A high magnitude suggests that the feature is important. However, it may be the case that another feature is highly correlated with this feature and its coefficient also has a high magnitude with the opposite sign, in effect cancelling out the effect of the former. Thus, we cannot really remark on the importance of a feature just because its coefficient has a relatively large magnitude.
Why other options are wrong?
Option A: The magnitude of a coefficient alone is misleading. Without knowing feature scaling, units, correlation with other features, regularization used etc., you cannot conclude that the feature has a “strong effect”. ❌
Option B: A high-magnitude coefficient (even negative) indicates that the model is sensitive to that feature. Ignoring the feature based only on the sign or raw magnitude is unjustified. ❌
Frequently Asked Questions (Machine Learning)
What does it mean when training loss is much lower than validation loss?
When training loss is much lower than validation loss, it indicates that the model is overfitting.
The model has learned the training data very well, including noise, but fails to generalize to unseen data.
This usually occurs due to high model complexity or insufficient regularization.
Why does using a multiway split for real-valued attributes in decision trees cause problems?
Using a multiway split for real-valued attributes creates many branches, often one per unique value.
This leads to overfitting, where the decision tree performs very well on training data but poorly on test data
because the splits capture noise rather than general patterns.
Which machine learning algorithm has the lowest training time for very large datasets?
K-nearest neighbors (KNN) usually has the lowest training time because it does not learn an explicit model.
Training simply involves storing the data, while most computation happens during prediction.

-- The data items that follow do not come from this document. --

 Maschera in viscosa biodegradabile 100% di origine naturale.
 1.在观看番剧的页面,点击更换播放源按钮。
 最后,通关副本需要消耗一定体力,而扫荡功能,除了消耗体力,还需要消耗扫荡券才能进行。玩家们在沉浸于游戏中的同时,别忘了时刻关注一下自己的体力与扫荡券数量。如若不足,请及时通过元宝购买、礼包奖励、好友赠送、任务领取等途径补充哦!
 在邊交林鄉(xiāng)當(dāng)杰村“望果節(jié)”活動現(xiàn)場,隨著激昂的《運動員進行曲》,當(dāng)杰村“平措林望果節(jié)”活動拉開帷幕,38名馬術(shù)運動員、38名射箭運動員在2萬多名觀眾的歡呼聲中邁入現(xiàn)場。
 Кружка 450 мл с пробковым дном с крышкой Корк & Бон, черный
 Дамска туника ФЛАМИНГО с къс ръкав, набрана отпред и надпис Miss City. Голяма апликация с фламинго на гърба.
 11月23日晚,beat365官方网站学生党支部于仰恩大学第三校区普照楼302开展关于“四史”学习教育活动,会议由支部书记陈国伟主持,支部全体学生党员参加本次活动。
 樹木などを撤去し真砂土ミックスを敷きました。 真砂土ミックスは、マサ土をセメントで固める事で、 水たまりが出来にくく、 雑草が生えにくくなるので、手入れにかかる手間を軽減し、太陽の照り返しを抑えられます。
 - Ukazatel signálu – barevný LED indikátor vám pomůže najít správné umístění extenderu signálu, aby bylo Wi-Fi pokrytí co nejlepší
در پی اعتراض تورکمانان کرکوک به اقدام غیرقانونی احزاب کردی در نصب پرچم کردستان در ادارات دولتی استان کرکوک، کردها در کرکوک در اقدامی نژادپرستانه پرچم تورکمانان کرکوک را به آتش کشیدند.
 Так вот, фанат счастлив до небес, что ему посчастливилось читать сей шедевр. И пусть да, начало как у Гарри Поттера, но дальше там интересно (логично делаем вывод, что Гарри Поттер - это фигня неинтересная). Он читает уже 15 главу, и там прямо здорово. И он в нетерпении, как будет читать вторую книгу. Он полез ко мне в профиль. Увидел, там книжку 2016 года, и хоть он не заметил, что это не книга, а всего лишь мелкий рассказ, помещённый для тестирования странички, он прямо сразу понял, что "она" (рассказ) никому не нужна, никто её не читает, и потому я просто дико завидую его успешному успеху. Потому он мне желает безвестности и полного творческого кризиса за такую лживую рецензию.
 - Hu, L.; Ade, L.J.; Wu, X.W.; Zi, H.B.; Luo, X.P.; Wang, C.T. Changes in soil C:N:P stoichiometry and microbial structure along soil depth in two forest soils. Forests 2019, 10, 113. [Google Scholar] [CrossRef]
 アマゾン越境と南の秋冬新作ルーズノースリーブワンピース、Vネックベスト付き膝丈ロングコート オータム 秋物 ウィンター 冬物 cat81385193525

Does Lloyd’s algorithm for k-means clustering find the global minimum?
No, Lloyd’s algorithm does not guarantee finding the global minimum of the k-means objective function.
It converges to a local minimum that depends on the initial choice of cluster centroids.

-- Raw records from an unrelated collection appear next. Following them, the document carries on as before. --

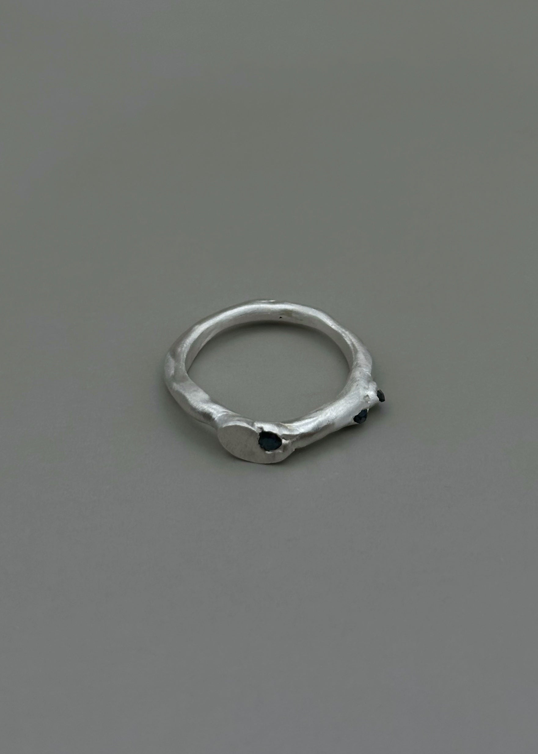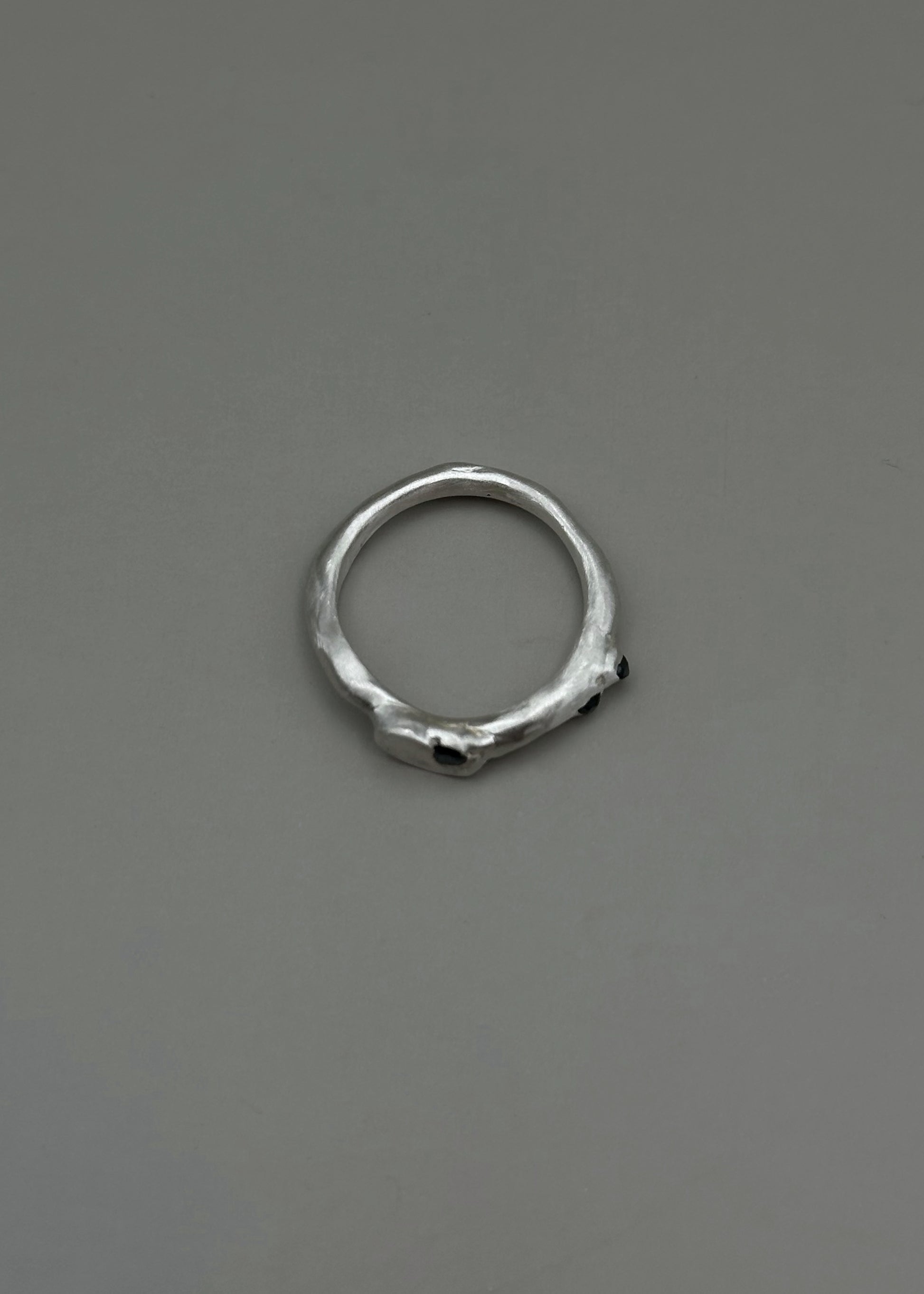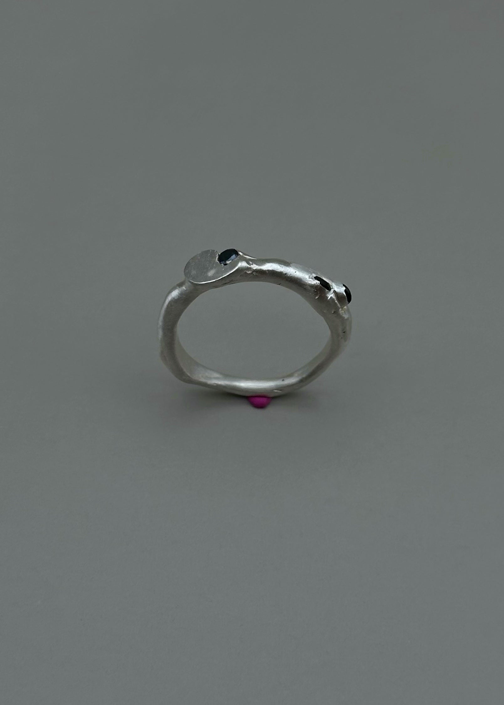 This one-of-a-kind ring is crafted from sterling silver and features three black spinels cast in place, creating a unique effect of the stones appearing to merge with the metal. It comes with a unique ceramic box handmade by odt.33. The ring is available in size 53 EU and cannot be resized. It’s ready to ship.
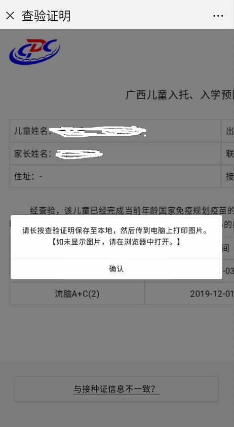只要在广西区内打预防针,有预防接种证,并且完成了当前年龄国家免疫规划疫苗接种的儿童,就可以用微信打印查验证明。
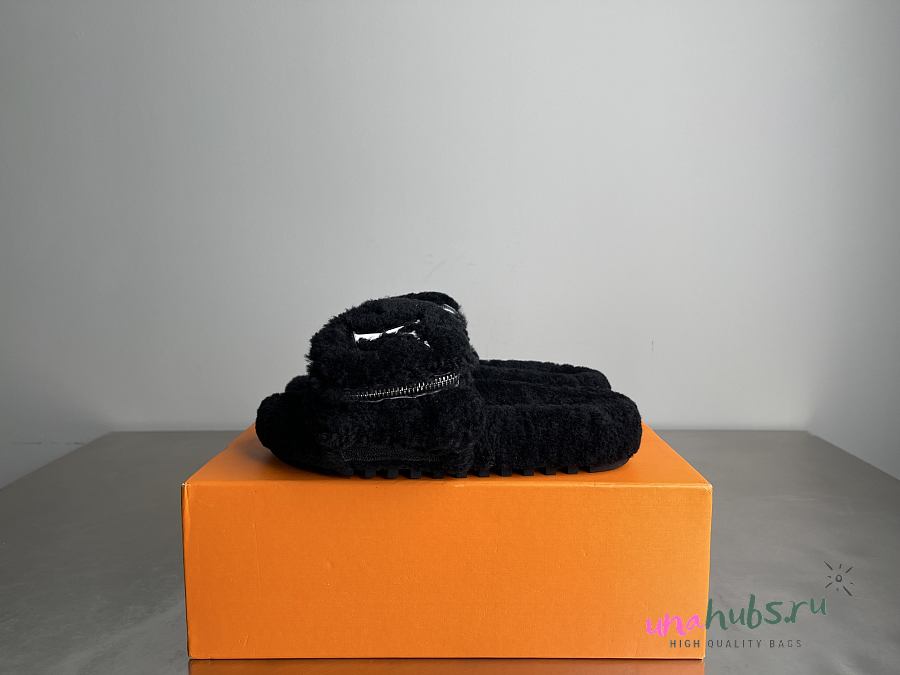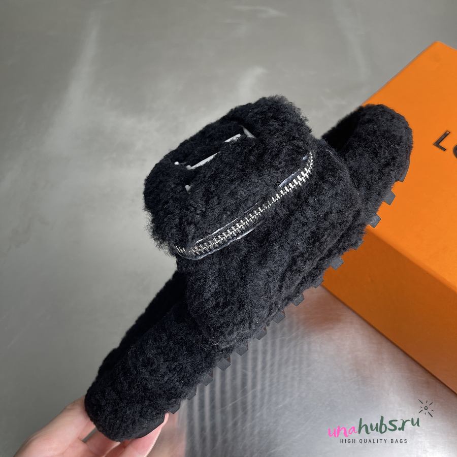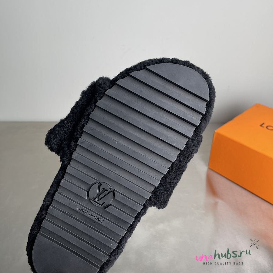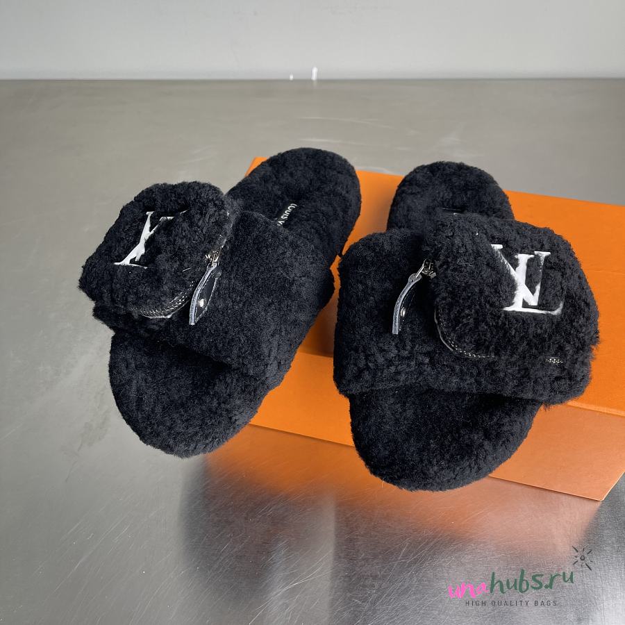 Louis Vuitton Black Fur Slides

Does increasing the number of clusters (k) in k-means always reduce the cost function?
Increasing the number of clusters cannot increase the global minimum of the k-means cost function
as long as the number of data points is greater than the number of clusters.
The cost is non-increasing as k increases because additional clusters allow equal or better fitting of the data.
How should a large negative coefficient be interpreted in linear regression?
A large negative coefficient indicates that the feature is negatively correlated with the target variable.
However, the magnitude alone does not determine feature importance unless features are on comparable scales.
Additional information such as feature normalization is required.
How does increasing the number of hidden nodes affect bias and variance?
Increasing the number of hidden nodes generally reduces bias but increases variance.
While a more complex model can better fit the training data, it also becomes more prone to overfitting.
Why is feature scaling important when interpreting linear model coefficients?
Feature scaling makes coefficients comparable across features in linear models.
Without scaling, features measured in smaller units may appear more important due to larger coefficient values,
even if their true effect on the target variable is small.